▶ **What to work on**
For the material below, reproduce exactly each line from the one that has "Test KFA2 GeForce" through the one that has "- Schlechte Weichteildeckung", and no others; pictures stay out.

▶ **Available data**
---
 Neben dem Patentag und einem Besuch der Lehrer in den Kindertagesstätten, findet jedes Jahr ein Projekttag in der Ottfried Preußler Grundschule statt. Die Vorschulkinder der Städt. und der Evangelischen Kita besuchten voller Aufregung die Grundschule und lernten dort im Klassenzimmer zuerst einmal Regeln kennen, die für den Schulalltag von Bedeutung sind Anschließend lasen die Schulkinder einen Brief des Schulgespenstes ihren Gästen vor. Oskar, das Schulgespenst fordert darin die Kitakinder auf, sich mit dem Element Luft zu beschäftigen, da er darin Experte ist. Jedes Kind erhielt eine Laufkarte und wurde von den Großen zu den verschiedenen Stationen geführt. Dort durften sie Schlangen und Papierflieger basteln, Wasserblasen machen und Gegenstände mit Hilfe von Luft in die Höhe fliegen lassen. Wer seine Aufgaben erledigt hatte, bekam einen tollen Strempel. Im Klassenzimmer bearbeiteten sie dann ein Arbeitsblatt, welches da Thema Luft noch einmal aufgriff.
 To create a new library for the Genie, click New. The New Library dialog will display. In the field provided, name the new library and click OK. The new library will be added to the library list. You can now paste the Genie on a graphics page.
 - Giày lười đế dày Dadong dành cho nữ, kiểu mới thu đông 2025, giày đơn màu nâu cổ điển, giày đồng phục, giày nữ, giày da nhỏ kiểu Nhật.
---
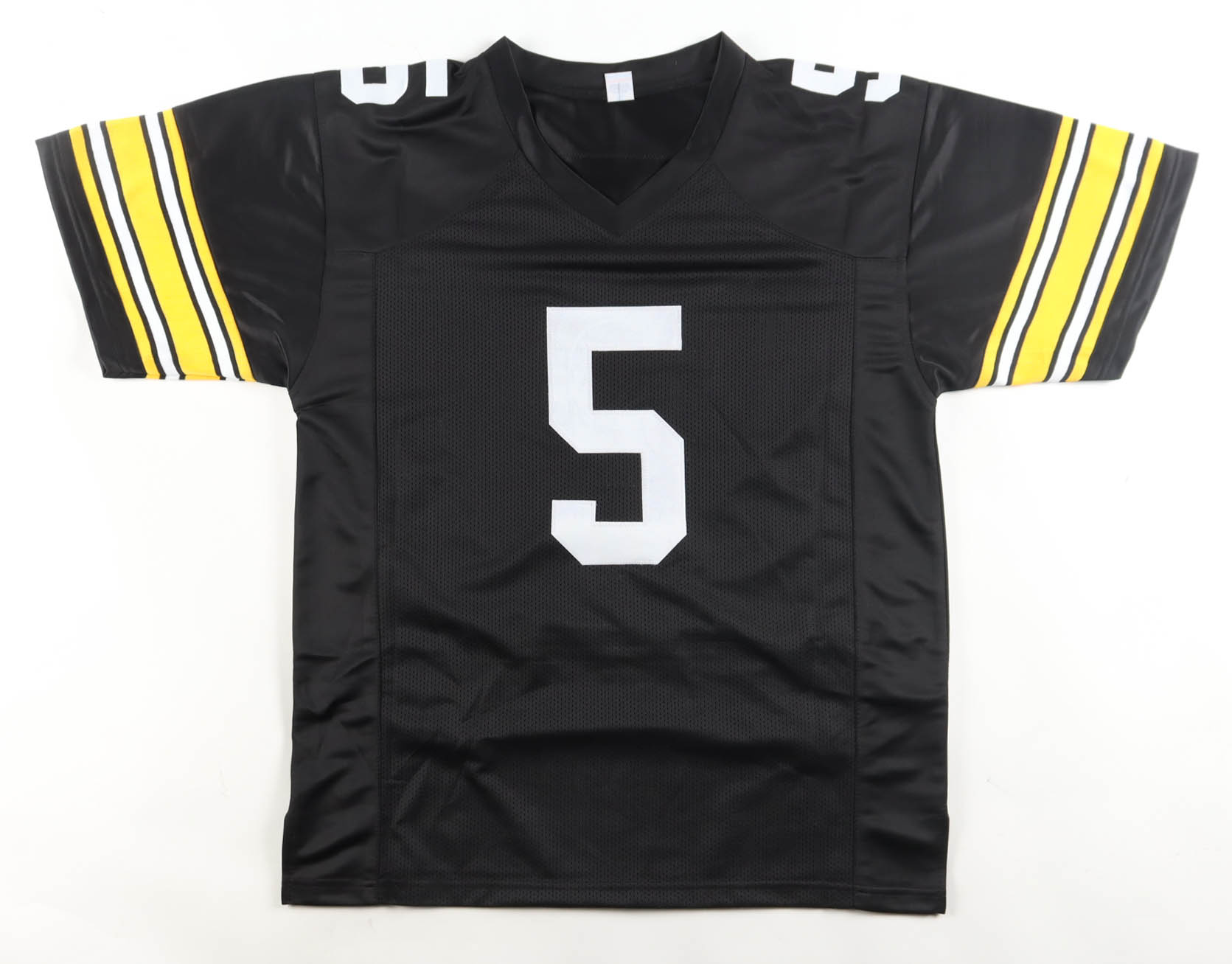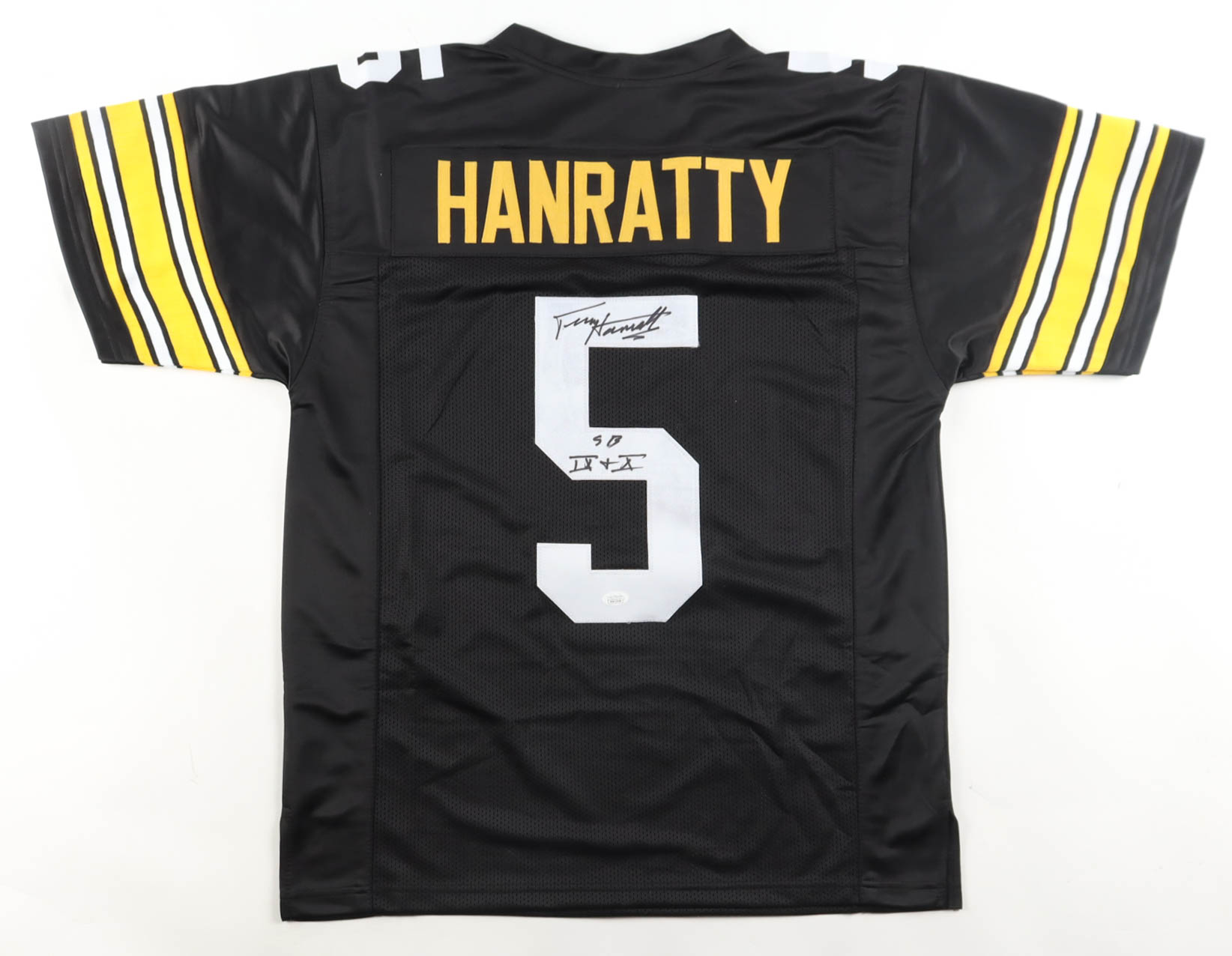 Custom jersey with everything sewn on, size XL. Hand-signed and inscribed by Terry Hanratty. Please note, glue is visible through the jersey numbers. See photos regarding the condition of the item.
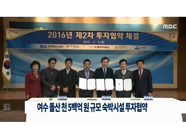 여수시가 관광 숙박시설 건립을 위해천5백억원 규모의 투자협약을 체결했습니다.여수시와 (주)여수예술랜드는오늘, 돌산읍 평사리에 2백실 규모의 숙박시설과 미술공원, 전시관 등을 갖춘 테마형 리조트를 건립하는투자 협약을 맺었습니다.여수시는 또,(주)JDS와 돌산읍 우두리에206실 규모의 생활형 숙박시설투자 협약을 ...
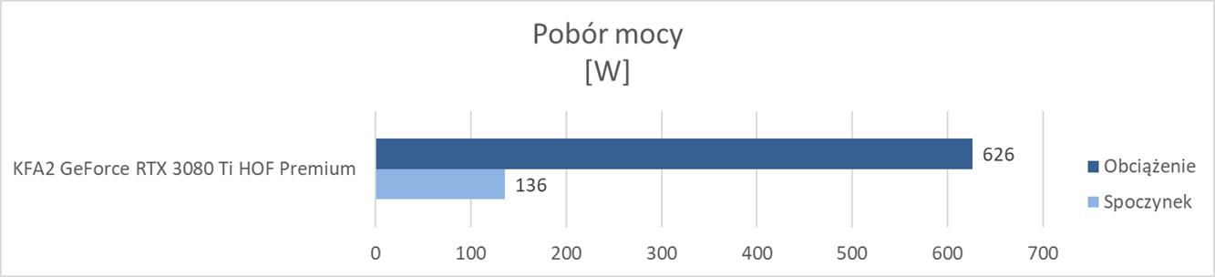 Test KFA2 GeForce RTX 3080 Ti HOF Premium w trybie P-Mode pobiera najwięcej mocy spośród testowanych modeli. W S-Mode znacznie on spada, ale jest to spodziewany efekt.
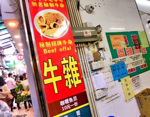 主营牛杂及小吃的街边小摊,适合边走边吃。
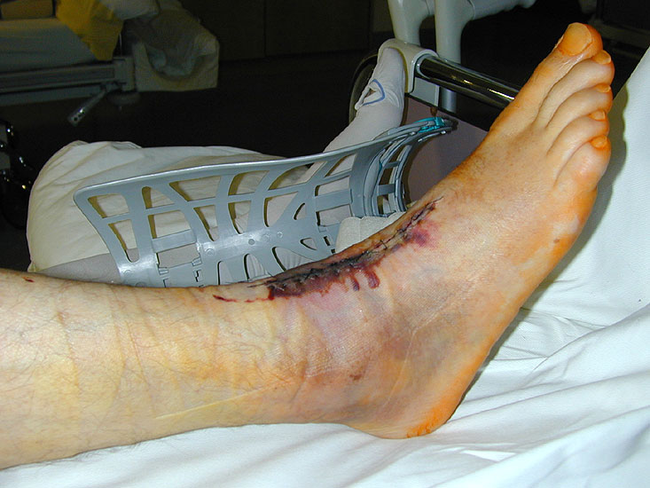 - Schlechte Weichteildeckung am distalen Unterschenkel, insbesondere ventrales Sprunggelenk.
---
▶ **Answer section**
 Test KFA2 GeForce RTX 3080 Ti HOF Premium w trybie P-Mode pobiera najwięcej mocy spośród testowanych modeli. W S-Mode znacznie on spada, ale jest to spodziewany efekt.
 主营牛杂及小吃的街边小摊,适合边走边吃。
 - Schlechte Weichteildeckung am distalen Unterschenkel, insbesondere ventrales Sprunggelenk.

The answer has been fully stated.